Nowhere is this more apparent perhaps than in its thriving music scene, where a staggering average of 130 music events every week has helped produce bands such as Franz Ferdinand, Snow Patrol and Travis.

The petulant Mancunian duo of Oasis were also discovered here, it is said, and at one of Glasgow’s most famous music venues, the fabulously-named King Tut’s Wah Wah Hut, a young manager explained to me the secret of how Glasgow’s music scene is so flourishing: “Everyone’s a f**king critic here. They watch some new band and say: ‘That’s crap! I could do better than that’. And so they pick up a guitar and they do. It’s like this great competitive spirit!”

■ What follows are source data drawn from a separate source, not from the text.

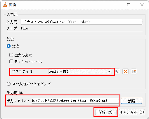 出力ファイルに、ファイル名の後に「.mp3」という拡張子を入力します。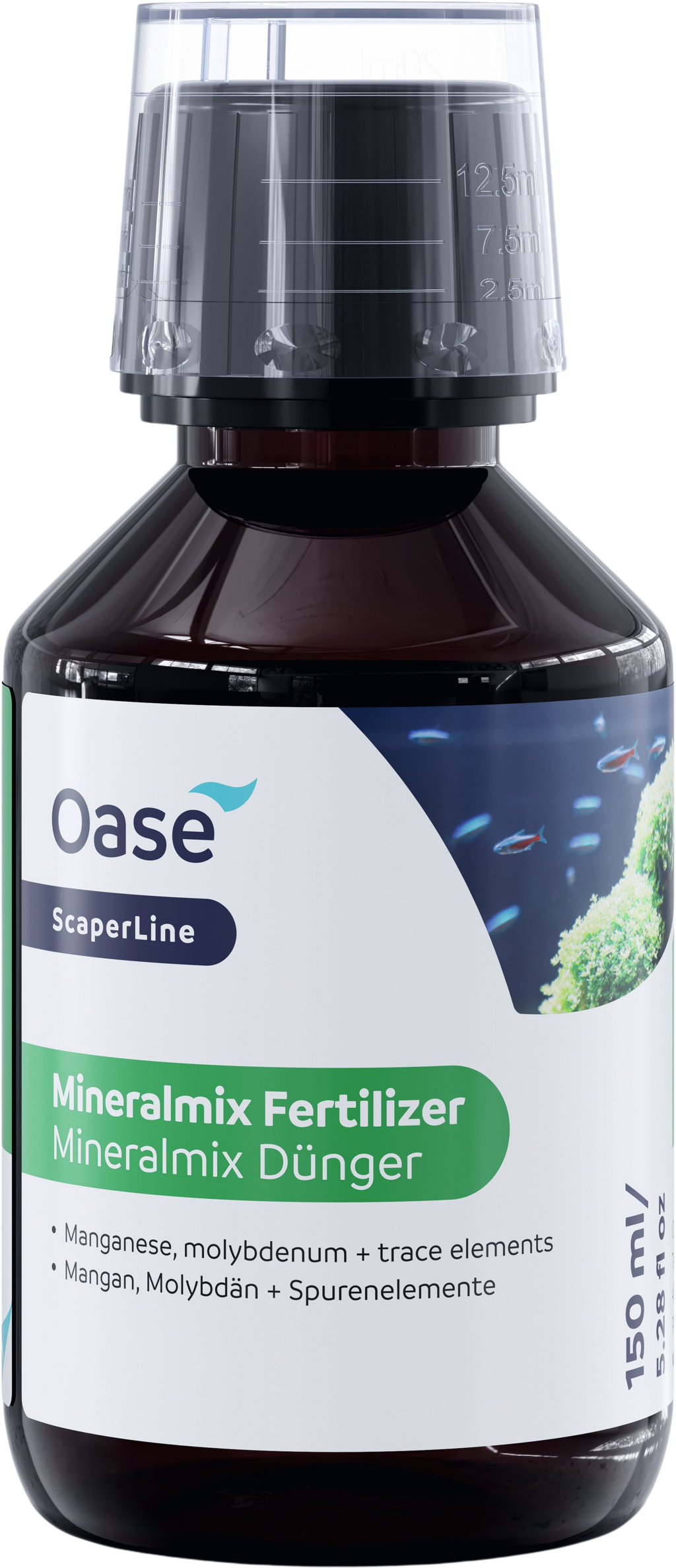 ScaperLine MineralMix van Oase is een vloeibare meststof die de planten voorziet van belangrijke voedingsstoffen zoals stikstof, kalium, ijzer en mangaan. Deze voedingsstoffen hebben de planten nodig om hun intense kleuren te behouden en uit te groeien tot gezonde planten.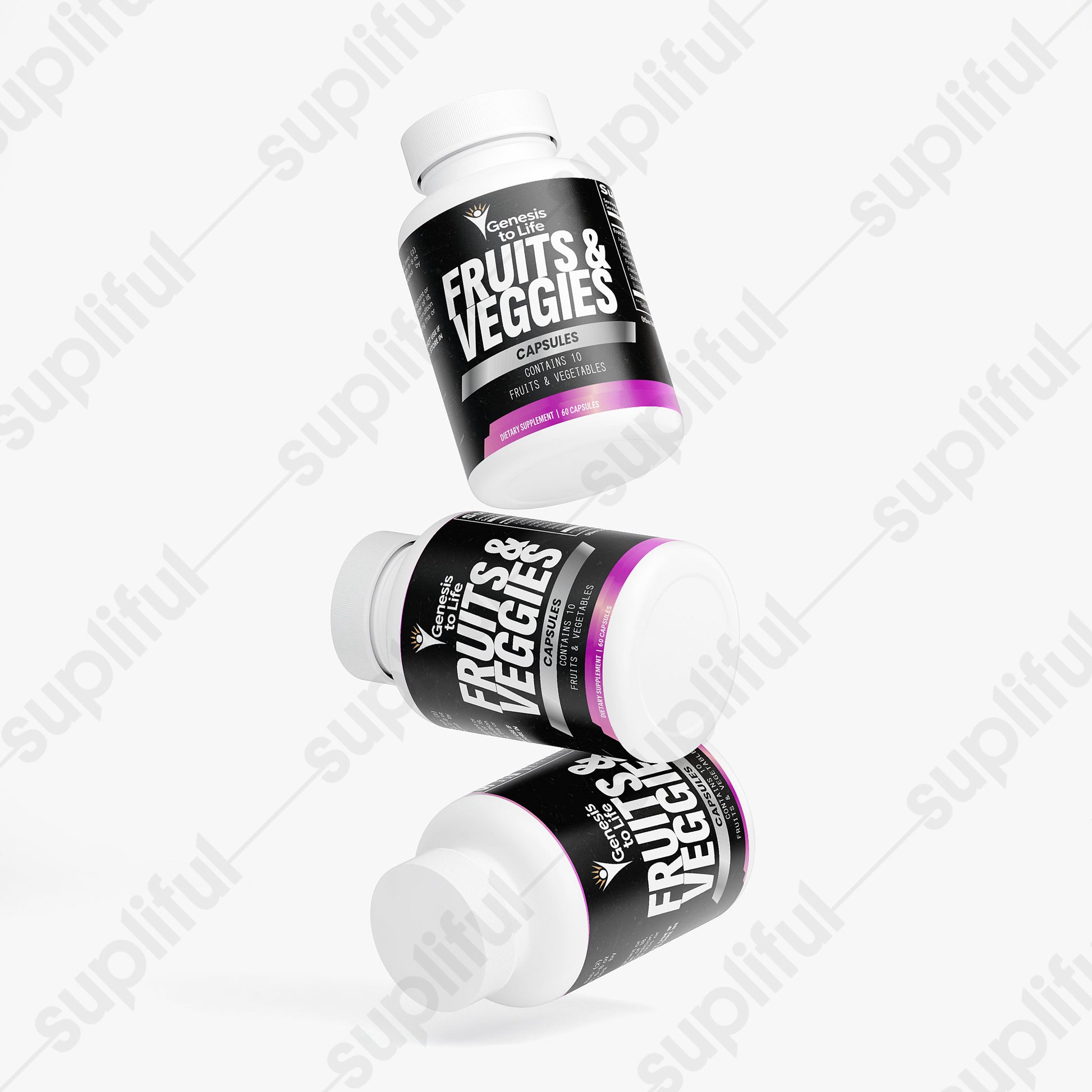 Ingredients: Apple Fiber Powder (Malus pumila) (fruit), Carrot Powder (whole carrot), Beet Root Powder (Beta vulgaris) (root), Blueberry Powder (fruit), Garlic Powder (bulb), Ginger Powder (root), Raspberry Powder (fruit), Red Bell Pepper Powder (fruit), Strawberry Juice Powder (fruit), Tomato Extract (Lycopersicon esculentum) (fruit), Gelatin (capsule), Brown Rice Flour.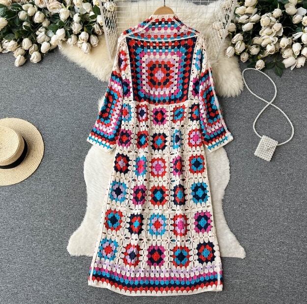 【送料無料】 カーディガン 長袖 ロング丈 レトロ 春 秋 赤 青 20代 30代 レディース N1047
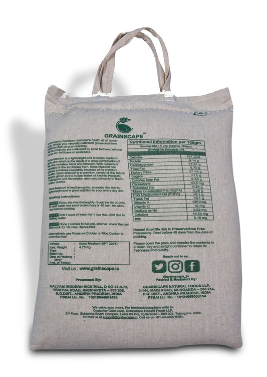 Grainscape Premium Sona Masoori Rice 4.75 kg. Bag - Naturally Harvested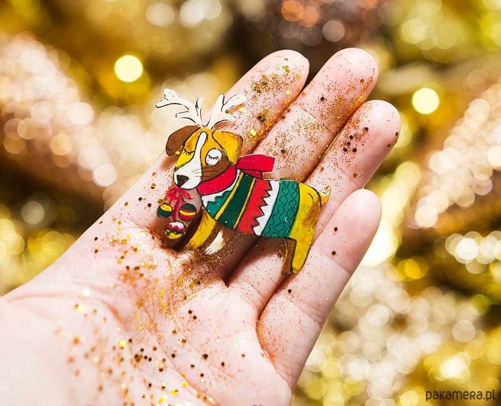 Ręcznie rysowana broszka przedstawiająca uroczego psa ubranego w świąteczny sweter. Delikatne, dopracowane detale nadają jej ciepły, zimowy charakter i sprawiają, że każdy egzemplarz jest wyjątkowy. Broszka zapakowana jest w estetyczny tekturowy kartonik, ozdobiony uroczą „psią” naklejką, dzięki czemu idealnie nadaje się na prezent dla miłośników zwierząt i świątecznej atmosfery.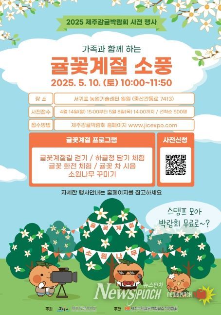 뉴스펀치 천세두 기자 | 제주의 대표 과일인 감귤이 하얀 꽃망울을 터뜨리는 계절, 그 아름다움을 직접 느낄 수 있는 특별한 행사가 열린다.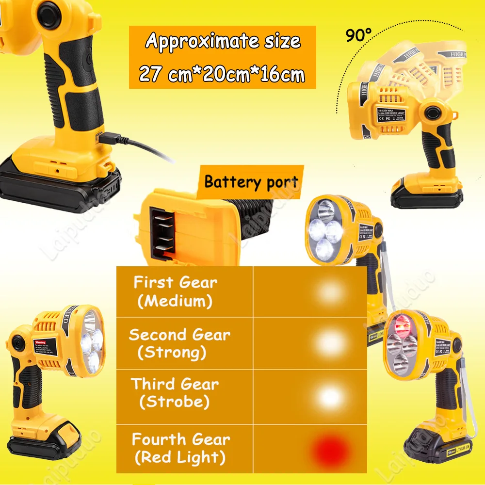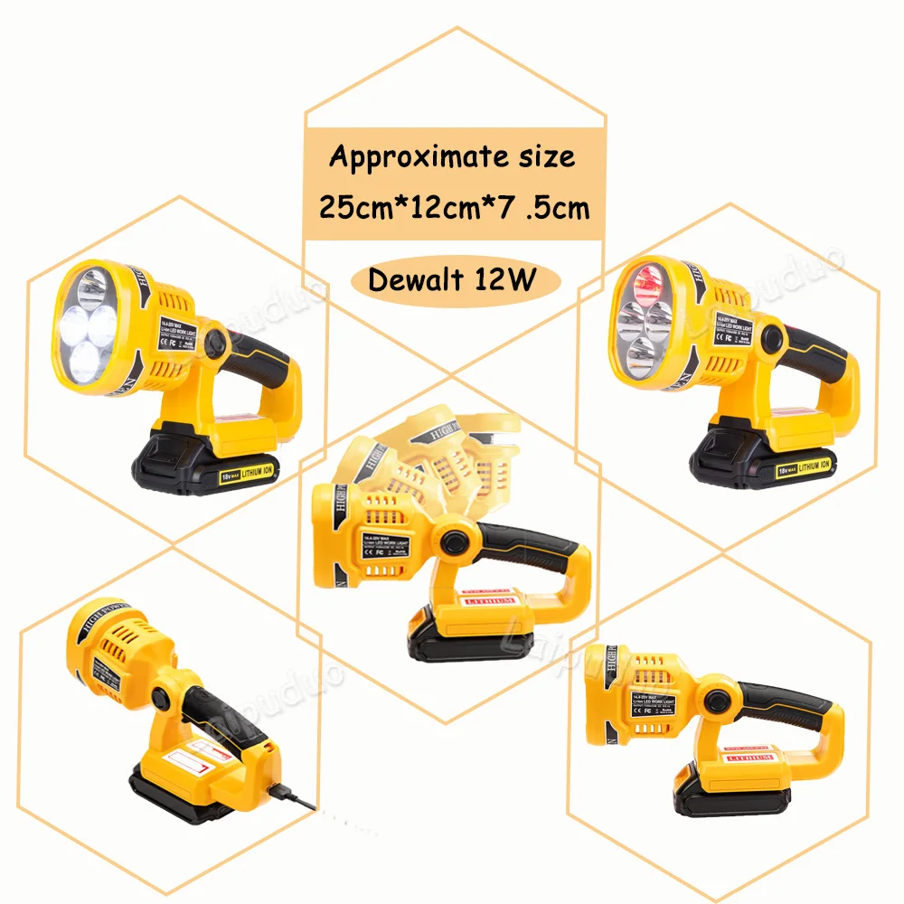 Светодиодная лампа 12 Вт, фонасветильник для Dewalt 18 в, DCB140, DCB200 (без аккумулятора, без зарядного устройства), литиевая батарея, USB, наружные инструменты, светильник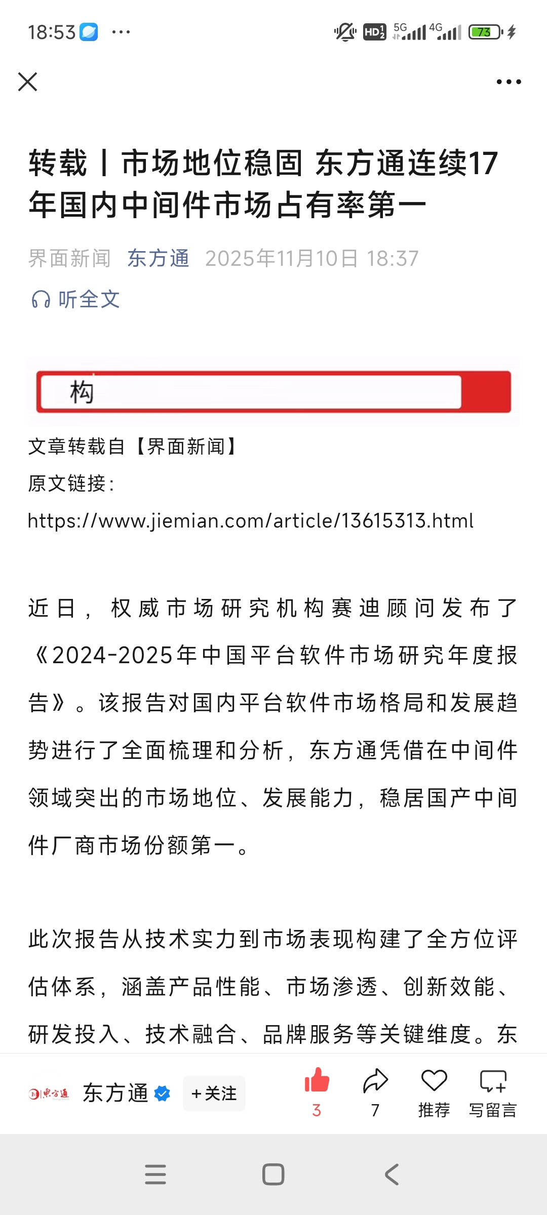 $*ST东通(SZ300379)$ 中间件全国第一,连续30年,难得啊!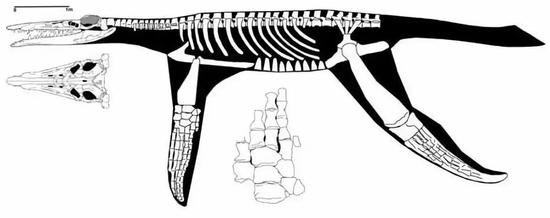 一种短颈蛇颈龙的骨骼结构,注意颈部脊椎骨数量与矢野笔记的对比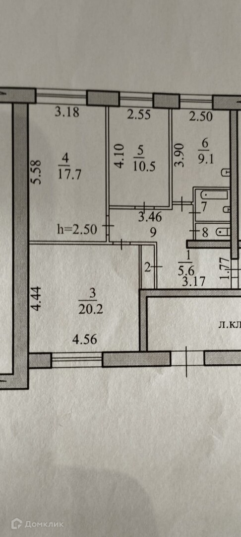 Высота потолков 2.5 м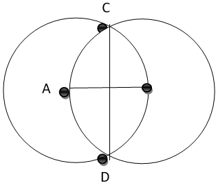 Let A, B be the centres of two circles of equal radii; draw them so that each one of them passes through the centre of the other. Let them intersect at C and D.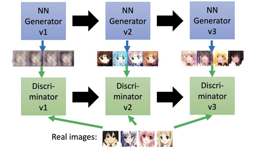 在上一步学出一个判别器后,我们需要用判别器去做生成一堆它判定为高分的图片,再将这些图片作为负样本重复整个迭代过程。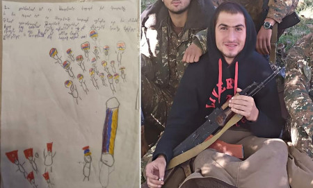 Այս տողերը գրել է 44-օրյա պատերազմի հերոս Հայկազը 3-րդ դասարանում. Հայկը այս պատերազմի նահատակ հերոսներից է, որ գիտակցել է ինչ է անում և ուր է գնում
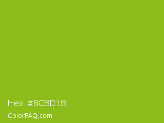 Hex #8cbd1b Color is a normal lime color and the nearest color is Lima #76bd17. Hex code #8cbd1b and RGB value is rgb(140,189,27). In RGB color space, this color is composed of 55% red, 74% green, 11% blue, In CMYK color space, this color is composed of 26% cyan, 0% magenta, 86% yellow , 26% black , In HSL color space, this color has a hue angle of 78° , 75% saturation and 42% lightness.

But while fierce one-upmanship may be the answer to its musical successes, it was only on visits to places such as the Briggait, Glasgow’s old fish market now refashioned into state-of-the-art painters’ studios, that I really began to see a bigger picture of how Glasgow successfully encourages and even cross-pollinates all of its arts and strengths.

NO WONDERthen that it has so much to boast about these days: European City of Culture in 1990. Second biggest shopping capital after London. Only the third city in Europe after Seville and Bologna to be named a Unesco city of music in 2008. And now the Commonwealth Games scheduled for 2014, for which hotel-occupancy will finally outstrip even Edinburgh.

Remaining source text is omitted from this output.